▶ _Data for this task_
+++++
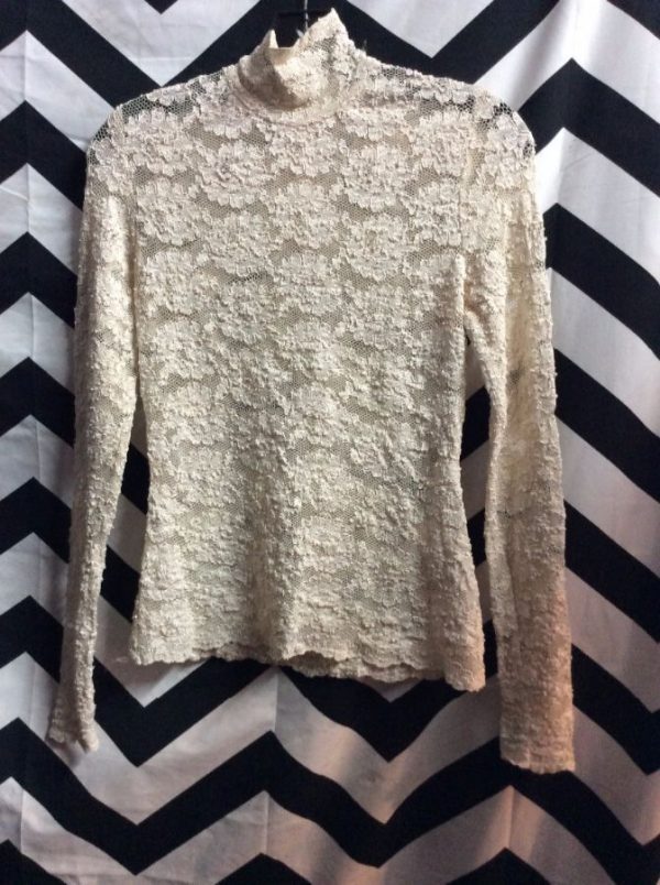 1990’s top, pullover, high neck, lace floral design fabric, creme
+++++
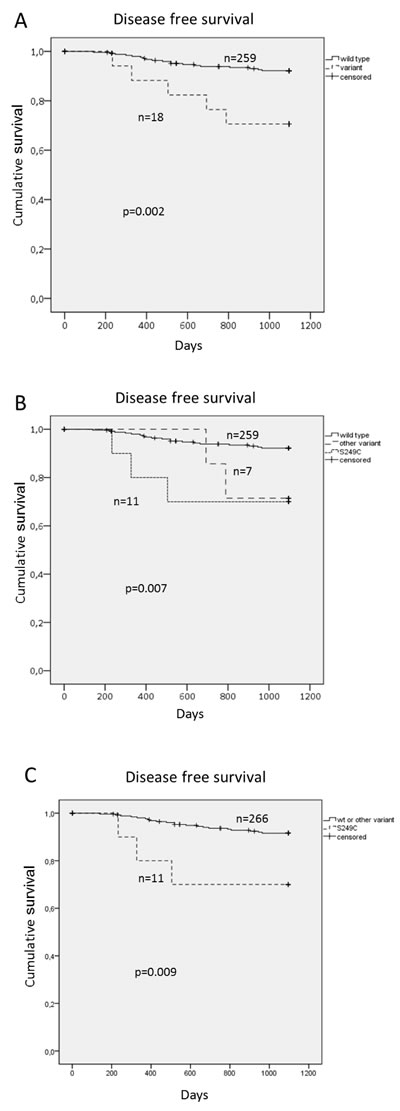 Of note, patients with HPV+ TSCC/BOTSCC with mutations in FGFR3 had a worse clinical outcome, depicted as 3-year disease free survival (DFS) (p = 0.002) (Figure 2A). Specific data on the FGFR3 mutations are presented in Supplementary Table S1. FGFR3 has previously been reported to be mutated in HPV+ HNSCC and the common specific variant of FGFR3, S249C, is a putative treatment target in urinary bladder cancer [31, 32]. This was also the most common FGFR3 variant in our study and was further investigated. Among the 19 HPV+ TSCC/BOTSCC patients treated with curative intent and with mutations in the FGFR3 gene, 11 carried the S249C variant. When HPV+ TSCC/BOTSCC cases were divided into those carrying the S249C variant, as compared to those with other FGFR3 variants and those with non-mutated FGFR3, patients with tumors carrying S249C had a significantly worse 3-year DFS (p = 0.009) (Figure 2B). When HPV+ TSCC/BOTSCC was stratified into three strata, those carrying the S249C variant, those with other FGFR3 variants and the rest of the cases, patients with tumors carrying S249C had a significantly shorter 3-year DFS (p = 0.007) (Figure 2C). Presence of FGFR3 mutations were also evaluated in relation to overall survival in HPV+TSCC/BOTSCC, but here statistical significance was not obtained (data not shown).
+++++
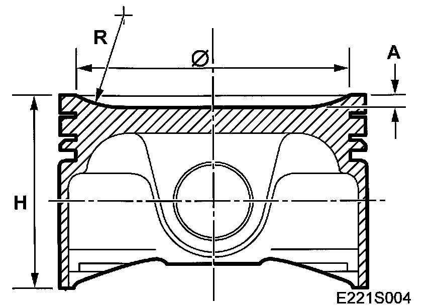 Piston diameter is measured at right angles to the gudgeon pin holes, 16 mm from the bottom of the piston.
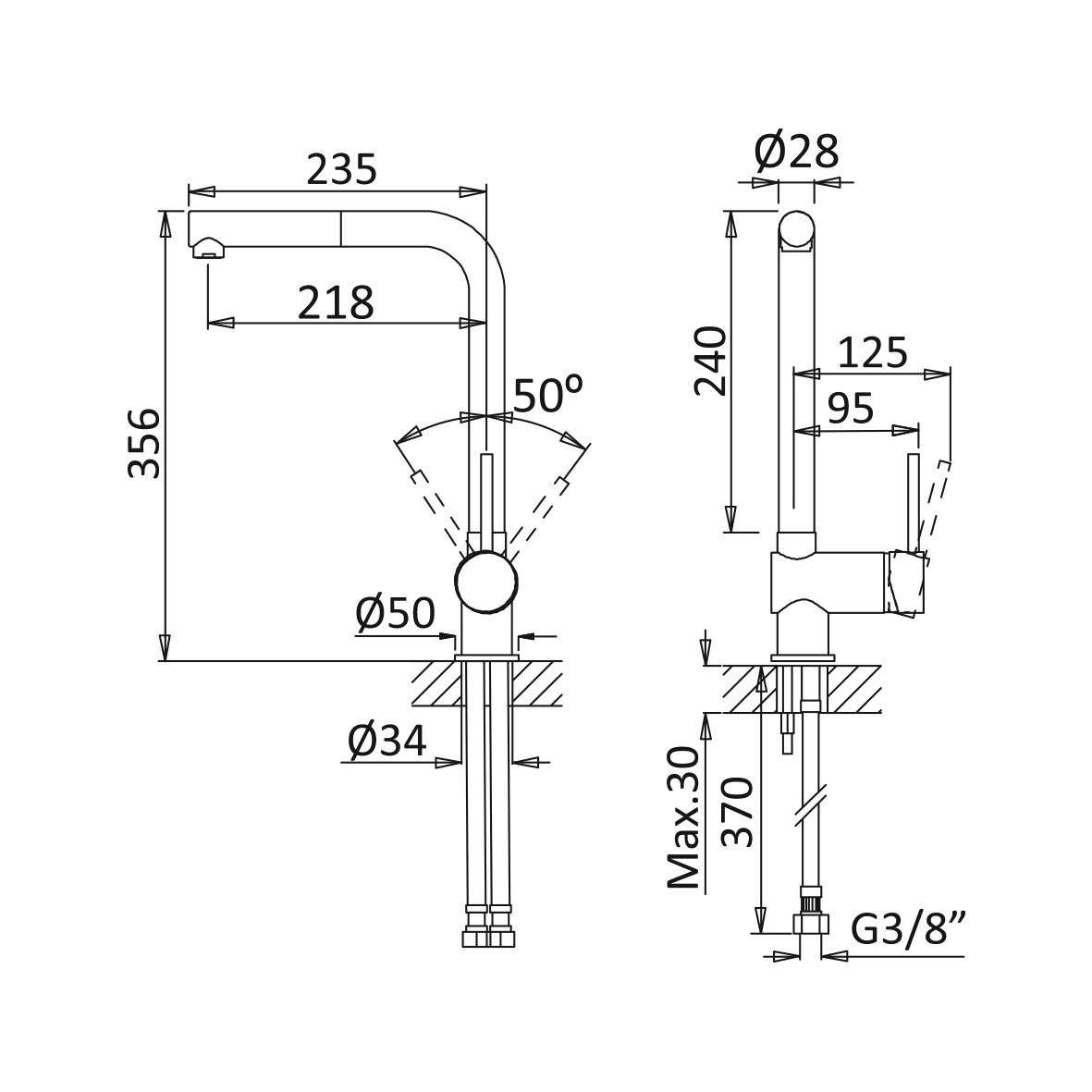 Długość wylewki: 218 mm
+++++
▶ _How to complete this task_
The answer is those lines of the material above that run from the one containing "Piston diameter is" up to and including the one containing "Długość wylewki: 218 mm", restated exactly and without images.

▶ _Written response_
 Piston diameter is measured at right angles to the gudgeon pin holes, 16 mm from the bottom of the piston.
 Długość wylewki: 218 mm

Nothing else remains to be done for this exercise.